Problem to work on ::
Write out the data exactly as given, dropping every picture.

━━ Data to use ━━

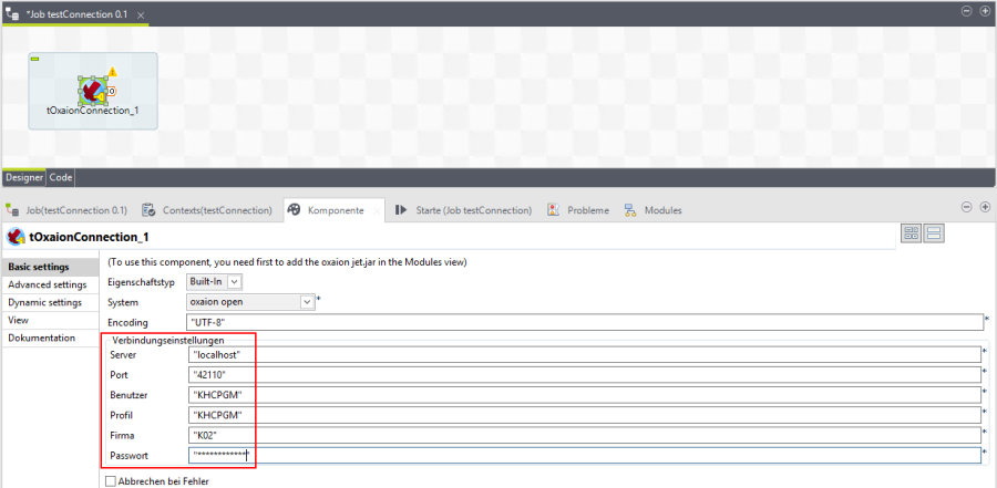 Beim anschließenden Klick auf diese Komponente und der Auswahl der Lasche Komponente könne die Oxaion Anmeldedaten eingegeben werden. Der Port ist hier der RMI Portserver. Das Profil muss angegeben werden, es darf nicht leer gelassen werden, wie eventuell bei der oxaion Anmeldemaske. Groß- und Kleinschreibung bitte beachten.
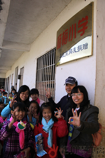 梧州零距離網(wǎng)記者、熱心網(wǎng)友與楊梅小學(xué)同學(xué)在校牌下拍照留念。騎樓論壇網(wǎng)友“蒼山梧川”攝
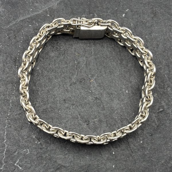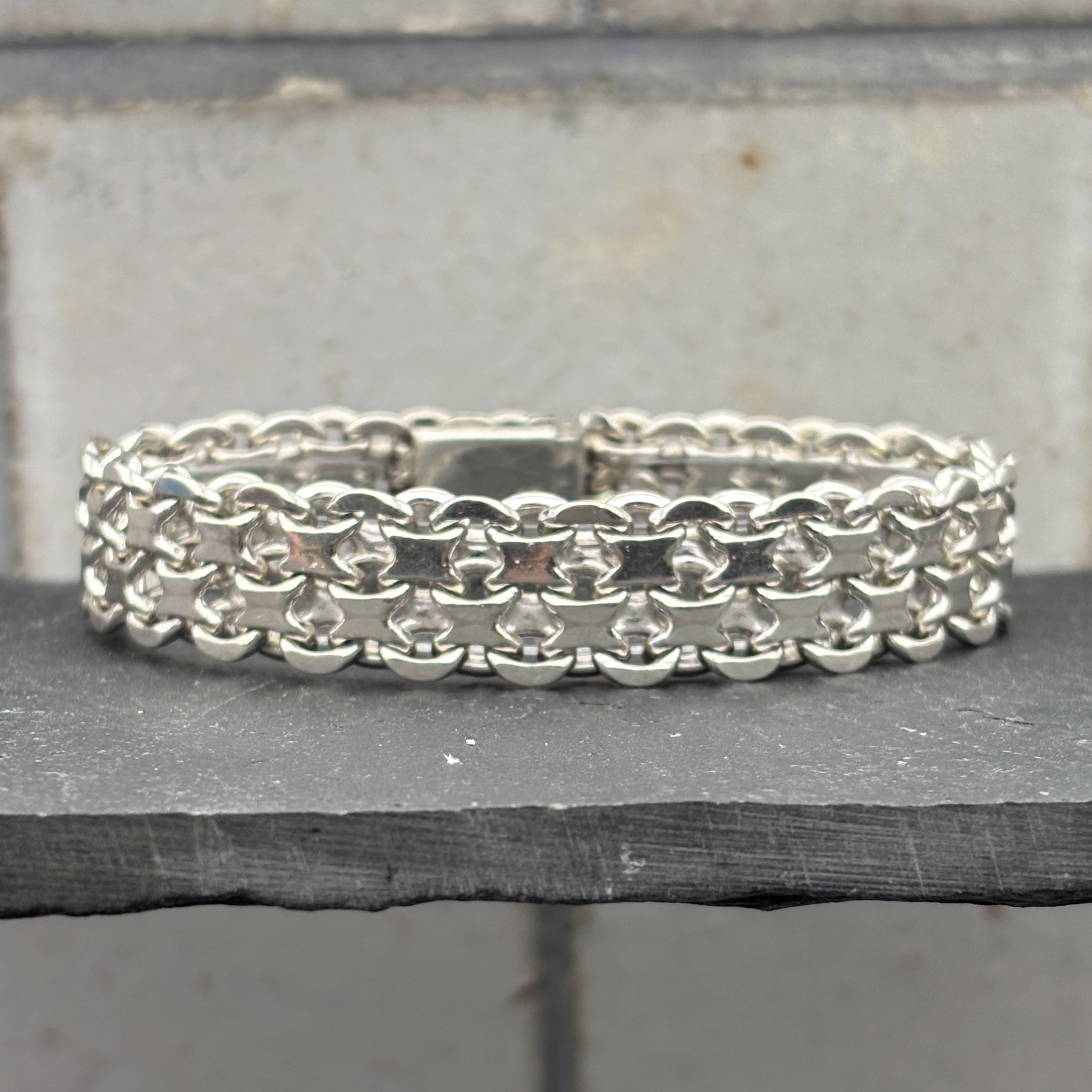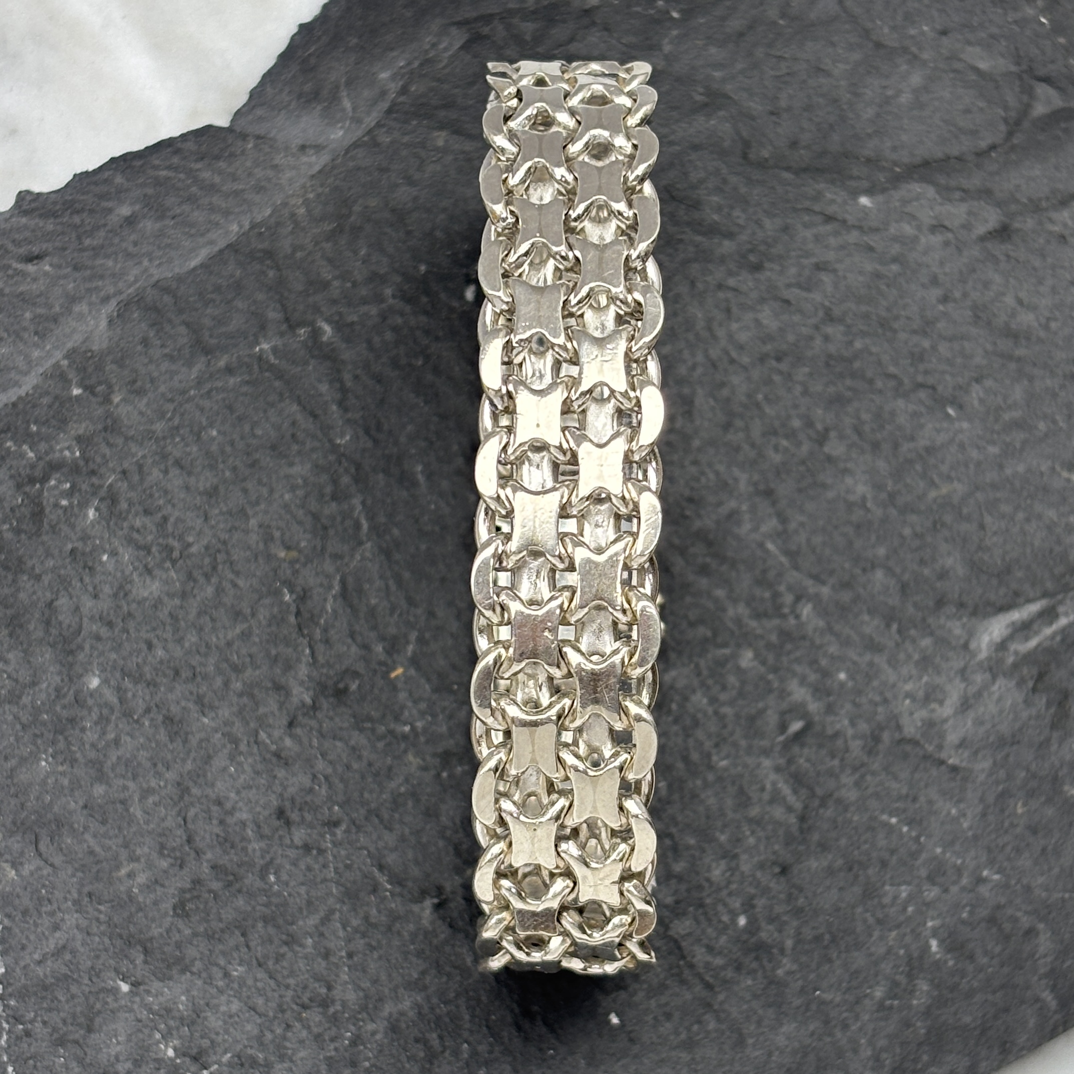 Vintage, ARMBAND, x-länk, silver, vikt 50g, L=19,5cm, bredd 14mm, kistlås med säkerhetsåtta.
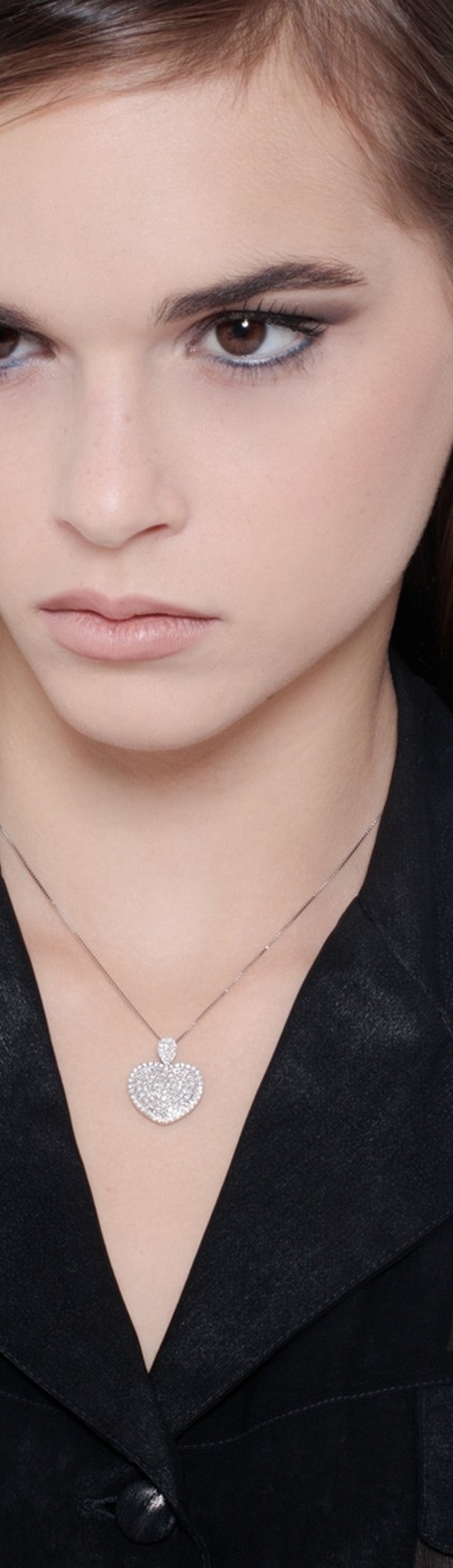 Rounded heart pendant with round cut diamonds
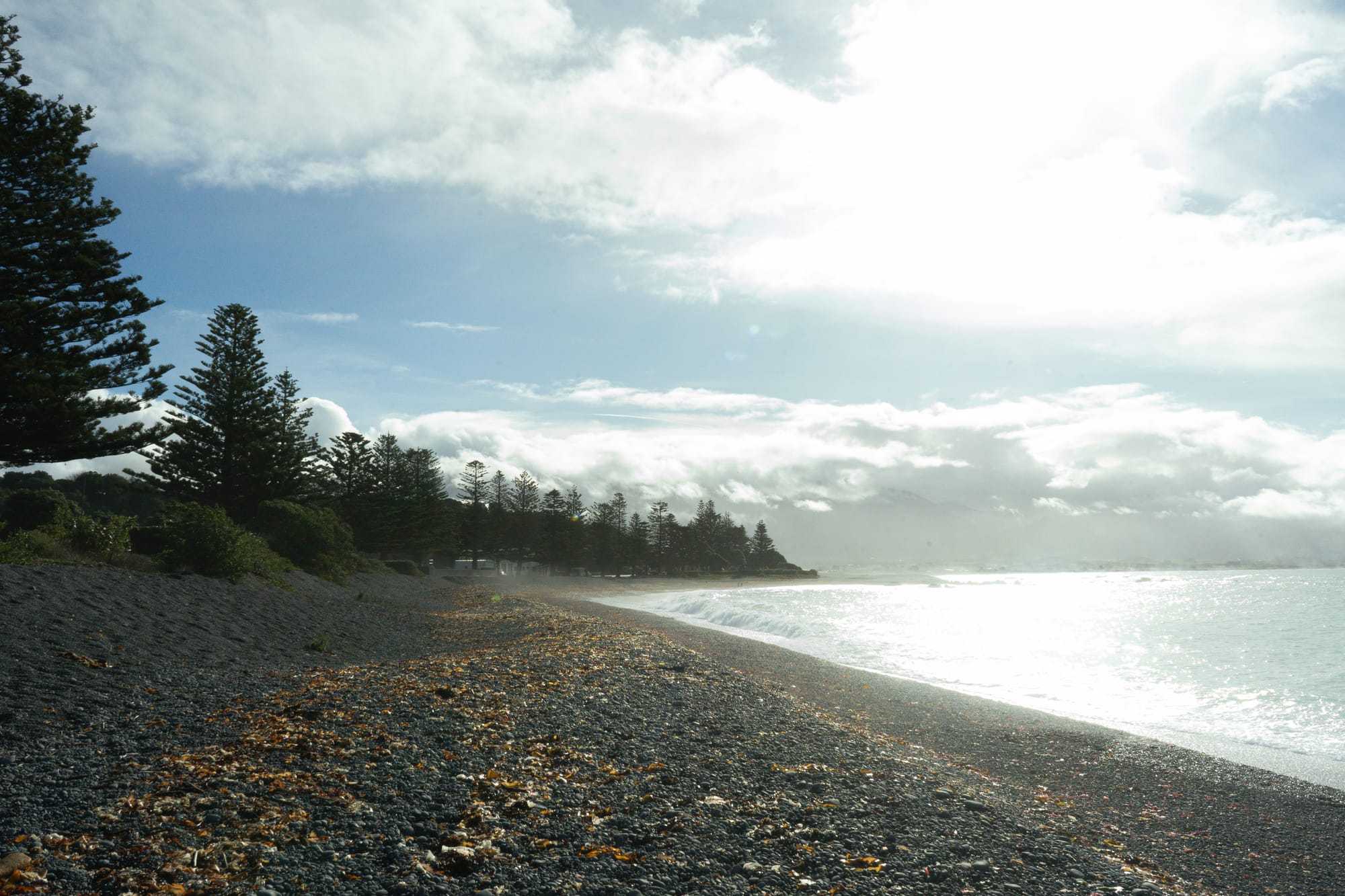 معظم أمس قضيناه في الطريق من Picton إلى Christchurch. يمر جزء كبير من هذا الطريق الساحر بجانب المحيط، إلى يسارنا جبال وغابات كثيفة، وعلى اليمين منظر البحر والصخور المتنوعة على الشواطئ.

━━━

Your solution ::
 Beim anschließenden Klick auf diese Komponente und der Auswahl der Lasche Komponente könne die Oxaion Anmeldedaten eingegeben werden. Der Port ist hier der RMI Portserver. Das Profil muss angegeben werden, es darf nicht leer gelassen werden, wie eventuell bei der oxaion Anmeldemaske. Groß- und Kleinschreibung bitte beachten.
 梧州零距離網(wǎng)記者、熱心網(wǎng)友與楊梅小學(xué)同學(xué)在校牌下拍照留念。騎樓論壇網(wǎng)友“蒼山梧川”攝
 Vintage, ARMBAND, x-länk, silver, vikt 50g, L=19,5cm, bredd 14mm, kistlås med säkerhetsåtta.
 Rounded heart pendant with round cut diamonds
 معظم أمس قضيناه في الطريق من Picton إلى Christchurch. يمر جزء كبير من هذا الطريق الساحر بجانب المحيط، إلى يسارنا جبال وغابات كثيفة، وعلى اليمين منظر البحر والصخور المتنوعة على الشواطئ.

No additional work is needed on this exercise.